Data records ▸
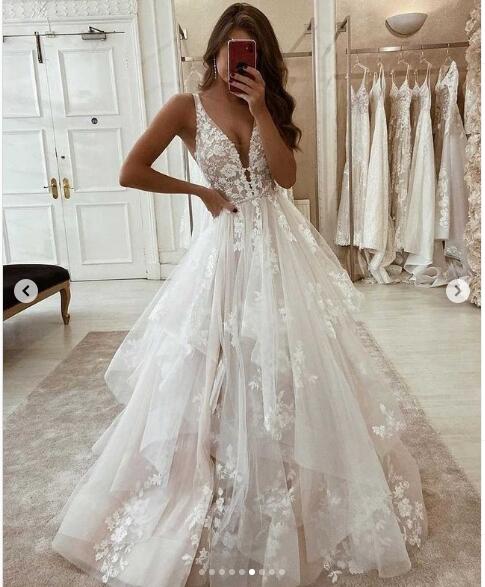 A-line Wedding Dress Deep V-neck Appliques Bridal Gowns Wedding Gown
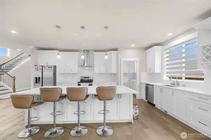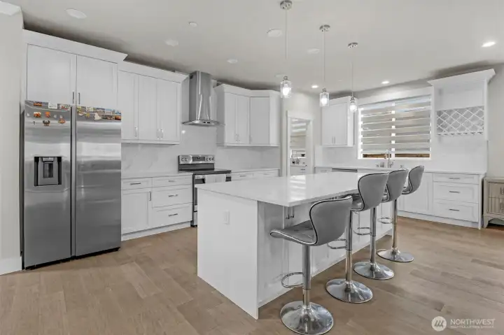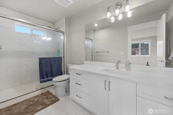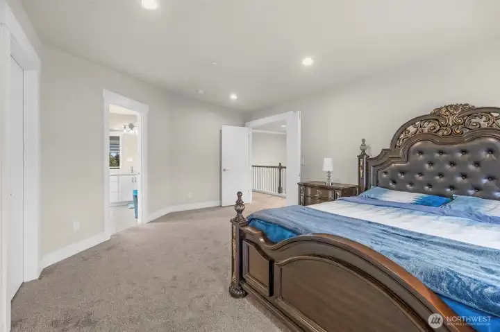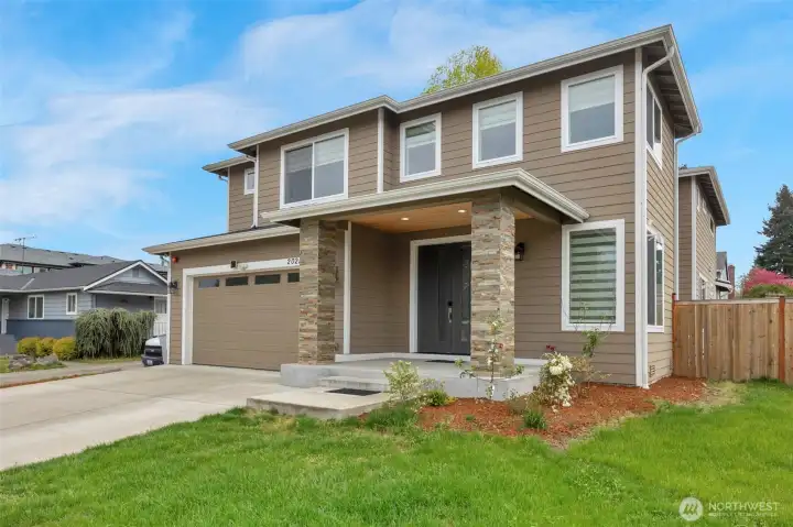 Modern elegance meets practical convenience—your dream home awaits! Tucked away yet within walking distance of the community center, shopping, city amenities, and a gym, this home offers it all. It features five bedrooms, each with its own bathroom. The open-concept kitchen includes a separate "spice kitchen" to keep cooking aromas contained. The main floor bedroom includes a 3/4 bathroom and views of the spacious backyard, which offers plenty of room for play, entertaining, and even RV parking. Located just 5 minutes from Hwy 167 and I-405, you are within 20 minutes of downtown Seattle, Bellevue, and SeaTac Airport. This is a must-see home!
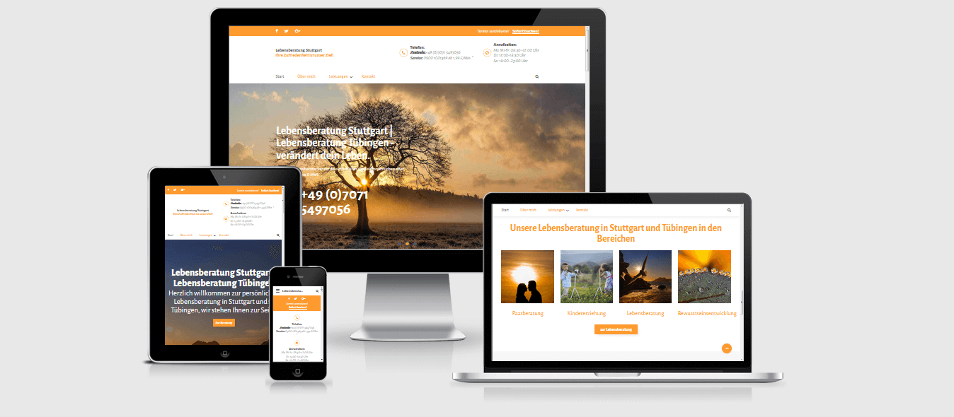 Erstellung einer responsive Website für eine optimale Darstellung auf mobilen Geräten wie Smartphones und Tablets. Die Schriftgröße und Bilder skalieren sich entsprechend der abgefragten Werte in der Breite und Höhe, wodurch ein einheitliches Design und Layout für sämtliche Gerätetypen sichergestellt ist.
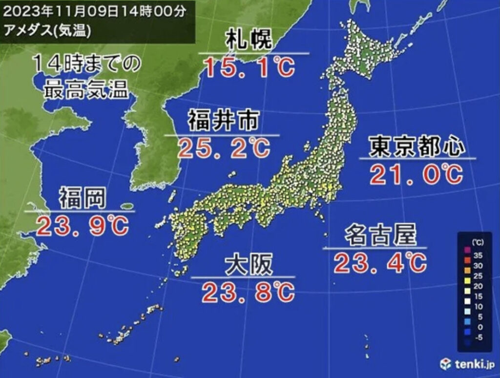 1: もん様(茸) [VN] 2023/11/09(木) 14:36:09.28 ID:CA3UrH1r0● BE:421685208-2BP(4000) sssp://img.5ch.net/ico/syobo2.gif 小春日和は きょうで一旦終了 あす夜からは寒気流入で一気に冬へ 気温の変化に注意 東京も12日(日)は13℃の予想で、12月上旬並... -
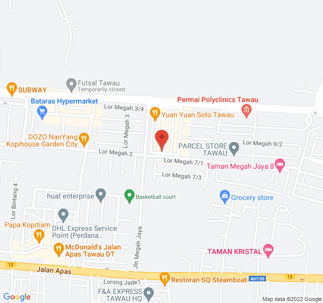 通訊處:No. 10167 Lot 25, Batu 3, Jalan Megah Jaya, Off Jalan Apas, Taman Megah Jaya, Tawau, Sabah 91007
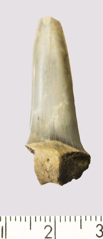 Зуб (фрагмент). Акула. Scapanorhynchus gigas Woodward, 1889. Классификация: Хордовые Chordata, Позвоночные Vertebrata, Хрящевые рыбы Chondrichthyes, Пластиножаберные Elasmobranchii
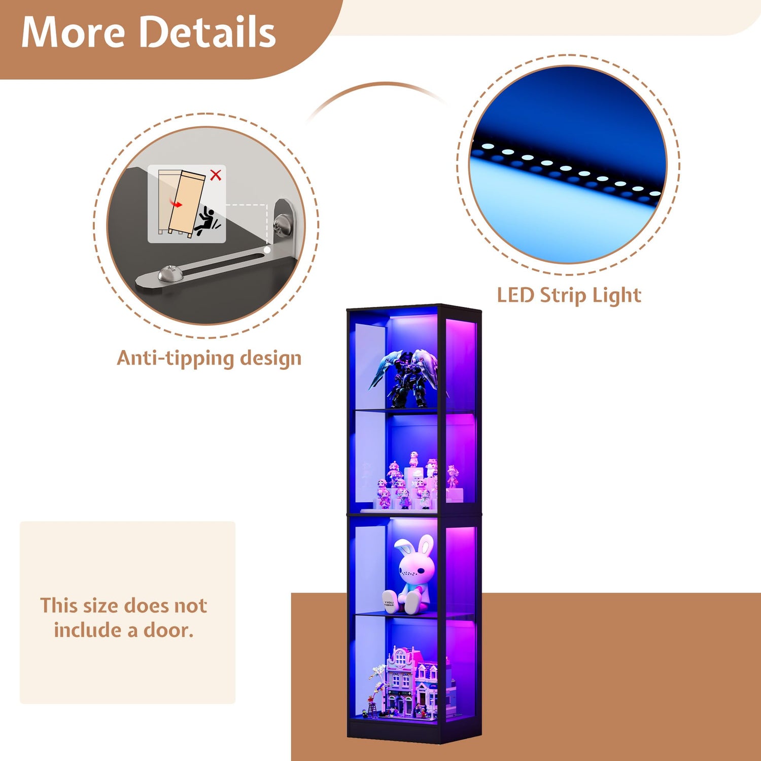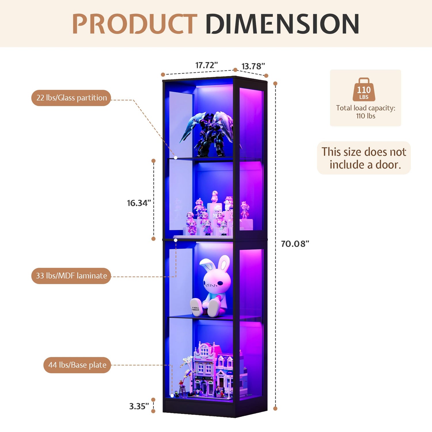 - Smart RGB Lighting: Glass display cabinet features built-in RGB lights with remote and app control. Customize colors and effects to enhance your display and create a stunning atmosphere

Work item ▸ Your answer should reproduce every line of the data verbatim and include no images.

Output for this task ▸
 A-line Wedding Dress Deep V-neck Appliques Bridal Gowns Wedding Gown
 Modern elegance meets practical convenience—your dream home awaits! Tucked away yet within walking distance of the community center, shopping, city amenities, and a gym, this home offers it all. It features five bedrooms, each with its own bathroom. The open-concept kitchen includes a separate "spice kitchen" to keep cooking aromas contained. The main floor bedroom includes a 3/4 bathroom and views of the spacious backyard, which offers plenty of room for play, entertaining, and even RV parking. Located just 5 minutes from Hwy 167 and I-405, you are within 20 minutes of downtown Seattle, Bellevue, and SeaTac Airport. This is a must-see home!
 Erstellung einer responsive Website für eine optimale Darstellung auf mobilen Geräten wie Smartphones und Tablets. Die Schriftgröße und Bilder skalieren sich entsprechend der abgefragten Werte in der Breite und Höhe, wodurch ein einheitliches Design und Layout für sämtliche Gerätetypen sichergestellt ist.
 1: もん様(茸) [VN] 2023/11/09(木) 14:36:09.28 ID:CA3UrH1r0● BE:421685208-2BP(4000) sssp://img.5ch.net/ico/syobo2.gif 小春日和は きょうで一旦終了 あす夜からは寒気流入で一気に冬へ 気温の変化に注意 東京も12日(日)は13℃の予想で、12月上旬並... -
 通訊處:No. 10167 Lot 25, Batu 3, Jalan Megah Jaya, Off Jalan Apas, Taman Megah Jaya, Tawau, Sabah 91007
 Зуб (фрагмент). Акула. Scapanorhynchus gigas Woodward, 1889. Классификация: Хордовые Chordata, Позвоночные Vertebrata, Хрящевые рыбы Chondrichthyes, Пластиножаберные Elasmobranchii
 - Smart RGB Lighting: Glass display cabinet features built-in RGB lights with remote and app control. Customize colors and effects to enhance your display and create a stunning atmosphere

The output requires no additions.